What I love about these cards is that Nicole has tapped into the inner transformation that can be possible during challenging times in our lives in such a tangible way. This experience with my mom challenged me to face and re-examine my own limiting beliefs, negative thought patterns and false mindsets about having to endure hardships alone, not trusting the intentions of others and deeply knowing that being vulnerable is strength, not weakness.

*Images courtesy of Nicole Perry

Takeaway: You are not alone in anything. Friends and family mean it when they say “let me know how I can help” even if they’re not sure exactly what to do -- don’t be shy about giving them direction.

3. Filling in the knowledge gaps

This was a doozy. My mother has been a nurse for more than 30 years. I, on the other hand, know next to nothing when it comes to navigating hospital policies, dealing with personnel, understanding prognoses and advocating on someone’s behalf. And I pretty much bungled all of it. Thankfully, my sister and I had family members who are nurses who helped us understand better what was going on with our mom, as well as other family members who know how important it is to be able to speak up and make sure ill loved ones are not only getting care, but being listened to and treated well in the process.

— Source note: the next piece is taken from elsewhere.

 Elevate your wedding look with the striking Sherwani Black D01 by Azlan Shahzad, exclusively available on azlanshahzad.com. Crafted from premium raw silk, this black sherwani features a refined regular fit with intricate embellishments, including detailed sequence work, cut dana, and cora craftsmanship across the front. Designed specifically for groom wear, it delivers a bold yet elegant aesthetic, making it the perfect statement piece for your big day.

Takeaway: Turn to knowledge and experience “experts” to get help navigating unfamiliar waters.

4. Filling in the money gaps

Daily tolls. Daily parking. Filling up the gas tank multiple times a week. Meals. For a while there I felt like the money was rushing out much faster than it was coming in. It forced me to get creative about how I could continue to serve clients in short periods of time, which led to this Facebook post.

Facebook post from Gayle Nowak, The Story Stylist

While I did get clients from this, what I didn’t expect was the financial support that came from others -- no service needed, no strings attached. As a former coach often says about money “You don’t get, if you don’t ask.” This is proof.

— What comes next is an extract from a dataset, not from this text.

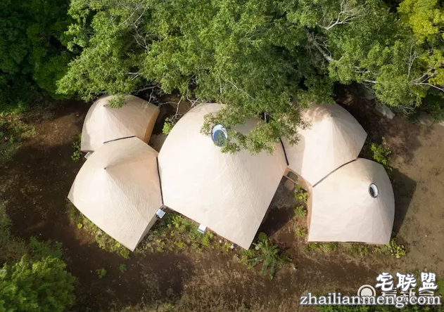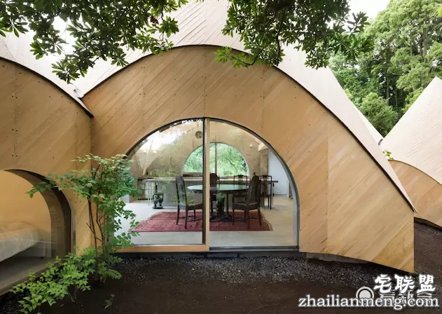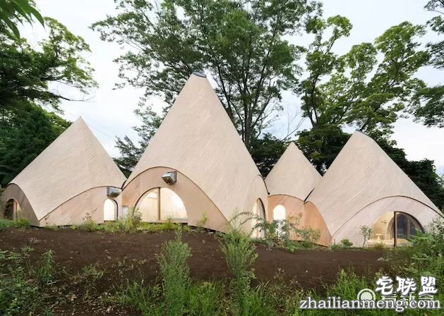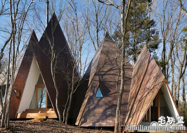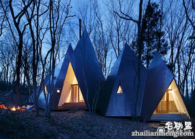 但这些仿印第安人帐篷或日本绳文时期竖坑式住宅的建筑体,造在山林之间,因为木质外墙以及古意造型的共同作用,也减弱了其违和感。

Takeaway: Be unattached to the how and where the money comes from -- as well as the amount.

5. Strengthening spiritual connections

I can’t tell you how many prayers and divine requests I’ve made in the last few months. I’ve been working on my spiritual connection for many years but there’s nothing like a personal crisis to take it to another level. I couldn’t have managed this experience as well as I have without my spiritual team, including those right here on Earth to help (thank you Nicki Pakkala) me expand my capacity to receive divine guidance.

I love what Deborah O’Brien, speaker, author of Bliss Behind the Mask and founder of Bliss Full Self Image Consulting says about this . . .

Look inside. Listen to your soul! Ask God to help you . . . Surrender! When you surrender, you join forces with the power of the Universe and you find that your inner power can get you through anything.

While I’ve always been open to the unexplained, I’m a pretty analytical and logical person. All I can say in my open skepticism is that the dreams, messages and experiences I’ve had through these last few months simply cannot be explained away with science and logic. And even if they could, it wouldn’t matter, because it all helped me and my family in the end. Faith is powerful medicine.

Takeaway: Ask for divine assistance -- in whatever form that takes for you -- and have faith you’ll receive it.

You don’t have to wait for crisis to strike to ask for help in these areas -- whether that help pertains to your business or your life. In fact, I’d recommend getting your help lined up when you are in control and things are running smoothly. It’s challenging to make decisions and establish new habits with the shit’s hitting the fan, right?